If you are using Enterprise Edition, then enable Row or Page Compression
Descriptive text field can be called either [SubType] (same as the table name), or maybe [SubTypeDescription]
UNIQUE INDEX on [SubTypeDescription]. Keep in mind that indexes have a max size of 900 bytes. If the max length of this data in Production is 900 characters, and if you do need NVARCHAR, then this might work with compression enabled, OR use VARCHAR only if you definitely do NOT need to store Unicode characters, ELSE enforce uniqueness via an AFTER INSERT, UPDATE trigger.
[Listings] table has [SubTypeID] field.
[SubTypeID] field in [Listings] table is Foreign Key, referencing [SubType].[SubTypeID].
Queries can now JOIN the [SubType] and [Listings] tables and search on the full text of [SubTypeDescription] (case-insensitive, even, same as current functionality), while using that ID to perform a very efficient search on the indexed FK field in [Listings].

This approach can (and should) be applied to other fields in this table (and other tables) that behave similarly.

Problemo Numero Dos

A large overhaul of this table that consists literally 140 (nvarchar) columns, 11 being MAX. I am dropping 30 indexes and recreating them afterwards.

If this is a transactional system and not a data warehouse, then I would say that (again, generally), 140 columns is too much to handle efficiently.
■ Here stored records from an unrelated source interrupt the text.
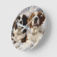A imagem mostra dois cães Bernard Santos deitados em uma paisagem nevada. O cão à esquerda tem pelo preto e marrom, enquanto o cão à direita tem pelo castanho e branco. Ambos os cães têm marcas brancas no peito e nas patas. Eles estão olhando diretamente para o espectador, com o cachorro à direita esticando a língua. O fundo apresenta uma serra nevada e uma floresta de pinheiros. Presente perfeito para a rua do cão Bernard.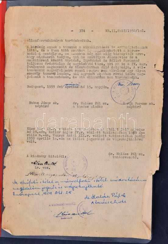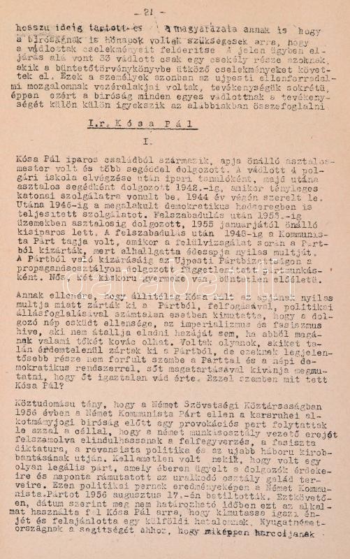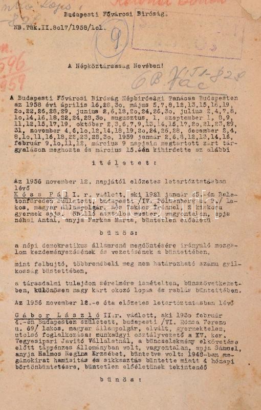1959 Kósa Pál (1921-1959) 1956-os forradalmár és társai perének Legfelsőbb Bíróság és Budapesti Fővárosi Bíróság első- és másodfokú ítéletei. Kósa Pál 1956 október végétől az Újpesti Forradalmi Bizottság vezetője volt. A 33 vádlottat érintő, végül hét kivégzéssel zárult újpesti per az egyik legnagyobb volt a megtorlásokat tekintve. A 404 oldalas dokumentum ismerteti az ítéleteket, részletes indoklást, a vádlottak életrajzát tartalmazza. Korabeli, pecséttel ellátott, hitelesített példány. Rendkívül ritka kordokumentum! Az első oldal szakadozott, egyébként jó állapotban.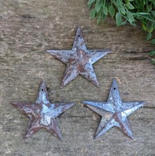 Set of 3 - 3.5" RUSTY GALVANIZED BARN STAR Aged Metal Tin Primitive Country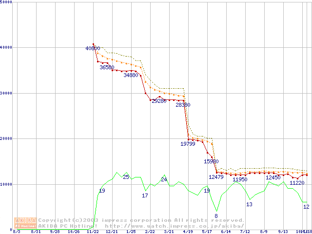 Socket A (OPGA,FSB 333MHz,L2 256KB,Thoroughbred)の最安値推移
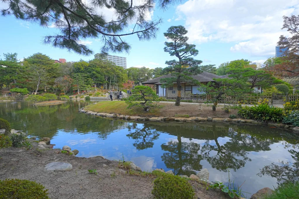 縮景園の中心には「鶴亀の島」と呼ばれる島があり、長寿や繁栄を象徴しています。また、庭園内には茶室「清風館」があり、ここでは抹茶を楽しむことができ、伝統的な日本文化を体験することができます。特に、茶室から眺める庭園の景色は格別で、心が落ち着くひとときを過ごせます。

I highly doubt that all 140 fields are used at the same time and/or have the same use cases. The fact that 11 are MAX is irrelevant if they need to contain more than 4000 characters. BUT, having 30 indexes on a transactional table is again a bit unwieldy (as you are clearly seeing).

Is there a technical reason why the table needs to have all 140 fields? Can those fields be split into a few smaller groups? Consider the following:

Find the "core" (most important / frequently used) fields and put them into the "main" table, named [Listing] (I prefer to keep with singular words so that the ID field can easily be just TableName + "ID").
[Listing] table has this PK: [ListingID] INT IDENTITY(1, 1) NOT NULL CONSTRAINT [PK_Listing] PRIMARY KEY
"secondary" tables are named as [Listing{GroupName}] (e.g. [ListingPropertyAttribute] -- "attributes" as in: NumberOfBedrooms, NumberOfBathrooms, etc).
[ListingPropertyAttribute] table has this PK: [ListingID] INT NOT NULL CONSTRAINT [PK_ListingPropertyAttribute] PRIMARY KEY, CONSTRAINT [FK_ListingPropertyAttribute_Listing] FOREIGN KEY REFERENCES([Listing].[ListingID])
- notice no IDENTITY here
- notice PK name is the same between "core" and "secondary" tables
- notice PK and FK to "core" table is the same field
"core" [Listing] table gets both [CreatedDate] and [LastModifiedDate] fields
"secondary" tables only get [LastModifiedDate] field. The assumption is that all secondary tables get their rows populated at the same time as the "core" table (i.e. all rows should always be represented across all "secondary" tables). Hence the [CreatedDate] value in the "core" [Listing] table would always be the same across all "secondary" tables, on a per-row basis, so no need to duplicate it across the "secondary" tables. But they can each be updated at different times.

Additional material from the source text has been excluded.